**What to work on**. Make an exact copy of the whole listing, but leave its pictures out.

**Given data**.
• • • • •
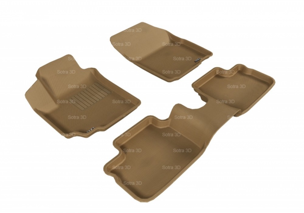 Коврики 3D Sotra предназначены для определённой модели автомобиля, имеют форму, повторяющую конфигурацию пола вашего автомобиля. Объёмная технология исполнения и комбинация ворсового покрытия с прорезиненной основой позволяет получить максимальный комфорт в салоне автомобиля одновременно с надёжной защитой от грязи и влаги. Прочный материал будет надёжно и долгое время защищать салон автомобиля от загрязнений. Нижний слой выполнен из противоскользящего покрытия MagicMat для предотвращения перемещения коврика по салону. Средний слой состоит из пористой резины. Создаёт долговечный и надёжный водонепро- ницаемый барьер. Эластичные свойства слоя снижают утомляемость ног водителя и пассажиров. Верхний слой выполнен из прочного и износоустойчивого материала ковроподобной структуры. Накладка на водительском коврике служит для увеличения срока службы. Высокий бортик эффективно удерживает грязь от проникновения в салон автомобиля. Коврики легко чистятся жёсткой щёткой. При сильном загрязнении можно использовать керхер. Высыхают за 2-3 часа. Водительский коврик имеет защитный кожух накрывающий площадку отдыха левой ноги. Задние коврики выполнены с перемычкой на тоннель.
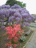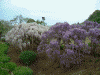 - おみやげのお店を通り抜けて、パーク内に入ると見頃となっているむらさき藤やうすべに藤の花がたくさんあります。
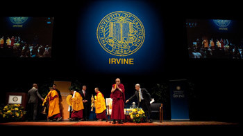 His Holiness then gave a public talk in the University’s Bren Events Center on Compassion and Global Leaders. His Holiness was introduced by Chancellor Drake who welcomed him back after his 2004 visit. The Chancellor also said that the Dalai Lama Scholarship was being made international.
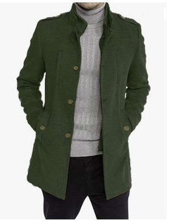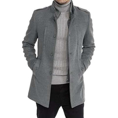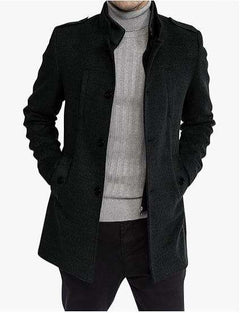 Mens Trench Coat Long Sleeve Stand Collar Single Breasted Pea Coat Casual Mid Long Slim Fit Overcoat with Pockets
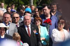 Керівництво міста та області, депутати, ветерани та жителі в 10:05 поклали квіти до братської могили визволителям Чернігова у сквері ім. Попудренка біля центральної площі.
• • • • •
**Response**.
 Коврики 3D Sotra предназначены для определённой модели автомобиля, имеют форму, повторяющую конфигурацию пола вашего автомобиля. Объёмная технология исполнения и комбинация ворсового покрытия с прорезиненной основой позволяет получить максимальный комфорт в салоне автомобиля одновременно с надёжной защитой от грязи и влаги. Прочный материал будет надёжно и долгое время защищать салон автомобиля от загрязнений. Нижний слой выполнен из противоскользящего покрытия MagicMat для предотвращения перемещения коврика по салону. Средний слой состоит из пористой резины. Создаёт долговечный и надёжный водонепро- ницаемый барьер. Эластичные свойства слоя снижают утомляемость ног водителя и пассажиров. Верхний слой выполнен из прочного и износоустойчивого материала ковроподобной структуры. Накладка на водительском коврике служит для увеличения срока службы. Высокий бортик эффективно удерживает грязь от проникновения в салон автомобиля. Коврики легко чистятся жёсткой щёткой. При сильном загрязнении можно использовать керхер. Высыхают за 2-3 часа. Водительский коврик имеет защитный кожух накрывающий площадку отдыха левой ноги. Задние коврики выполнены с перемычкой на тоннель.
 - おみやげのお店を通り抜けて、パーク内に入ると見頃となっているむらさき藤やうすべに藤の花がたくさんあります。
 His Holiness then gave a public talk in the University’s Bren Events Center on Compassion and Global Leaders. His Holiness was introduced by Chancellor Drake who welcomed him back after his 2004 visit. The Chancellor also said that the Dalai Lama Scholarship was being made international.
 Mens Trench Coat Long Sleeve Stand Collar Single Breasted Pea Coat Casual Mid Long Slim Fit Overcoat with Pockets
 Керівництво міста та області, депутати, ветерани та жителі в 10:05 поклали квіти до братської могили визволителям Чернігова у сквері ім. Попудренка біля центральної площі.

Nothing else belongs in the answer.